The Google Alerts were flying last week with Helen Blau’s recent paper about the new mouse model for Duchenne muscular dystrophy that implicates stem cells. The Facebook messages suggested this was something new, some new news. Actually, this is not new. The only thing new is this new mouse model.
The loss of satellite cells in Duchenne is well documented. In early discussions about targeting the myostatin pathway, discussions often referred to the ‘crash and burn’ theory, suggesting that targeting the myostatin pathway would potentially improve strength and extend function, but that it would also increase the ‘drain’ on the satellite cells. What Dr. Blau’s group has done is provided a new mouse model.
If you think about it, the mdx model is the best case scenario for Duchenne and this new model, the worst case scenario. Testing strategies in both models should increase our understanding. In point of fact, many papers suggest that stem cells remain after function is lost – the loss of function related to the amount of fibrosis within the muscle.
The truth of the matter is that Duchenne is not a ‘stem cell’ disease. It is, rather, just one part of the story.
It is often difficult to cut through the lingo to understand what words are used for press releases and what is actual fact. Duchenne is not a stem cell disease, this is an inaccurate picture of what is happening and you only have to look at the boys, at the clinical variability to understand that there is a great deal more going on.
Dystrophin is absent. We are all more than aware of the fact that muscle cells cannot survive without dystrophin. Dystrophin acts as a shock absorber, a connector/communicator (with other proteins), and to some degree, a traffic cop. Without this shock absorber, the muscle membrane becomes fragile, developing small rips, like tiny paper cuts across the cell membrane, causing a cascade of events to include too much calcium overload, decreased nNos (nitric oxide synthase) which in turn makes the capillaries around the muscle constrict, which means less blood supply and less oxygen. And the muscle cell dies.
If that isn’t enough, the immune system, trying to be helpful, comes in to sweep up the mess and because it is so efficient, often does a better job than necessary. Then, in that space, fibrosis replaces what was once muscle.
It is simply inaccurate to say Duchenne is a stem cell disease. It isn’t. Satellite cells are one piece of the puzzle and it is true, they wear out over time. Unlike the mdx mouse with an infinite ability to repair and the Blau mice with no ability to repair – our sons are somewhere in the middle.
Steroids help and while we do not fully understand what they do, we know that they limit the immune response. But then again, our immune responses are variable. Some of us are resistant to bug bite, cough, cold, flu. Others, with a simple bug bite, will get swollen arms and fever. In Duchenne, steroids help most, but not all. It all depends.
In the MRI muscle study in Florida, boys of the same age have varying degrees of fat and fiber. We are not sure why. It all depends.

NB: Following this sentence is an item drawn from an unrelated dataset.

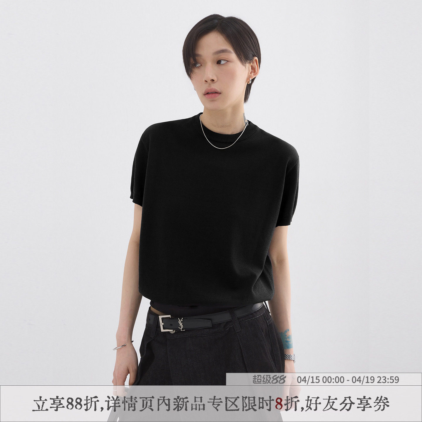 sameuoo散养文化「久仰」黑色亲肤冰丝针织衫短袖t恤女夏短款上衣

Craig McDonald is gathering natural history data. He will tell you that steroids and improvements in care (respiratory/cardiac) have changed the natural history, have stretched out the timelines with still significant variability: some boys walking into their late teens, others off their feet at ten.
The reason for clinical variability is not simple – it all depends on the immune response, the fibrosis, the satellite cells – as the loss of dystrophin is the culprit for the diagnosis, but all of the genetic modifiers, the ‘backseat drivers’, are influencing the journey.
The reason to try multiple different strategies, including:
Is because we all agree, to End Duchenne, to stop progression in every individual, at whatever point he (and some she) is in the progression, combined therapies are essential.
Clearly therapies to replace dystrophin or produce a shortened version are ideal and expected to help across these pathways, and for some, these approaches may be nothing short of a miracle (depends on age of intervention, state of disease process, quality of the protein) and for others, less. It all depends.
Today, on www.clinicaltrials.gov we have 50 studies listed. Ten years ago, we had three. It is not enough and never fast enough, but with each paper, each study, we learn, we grow, and we make progress.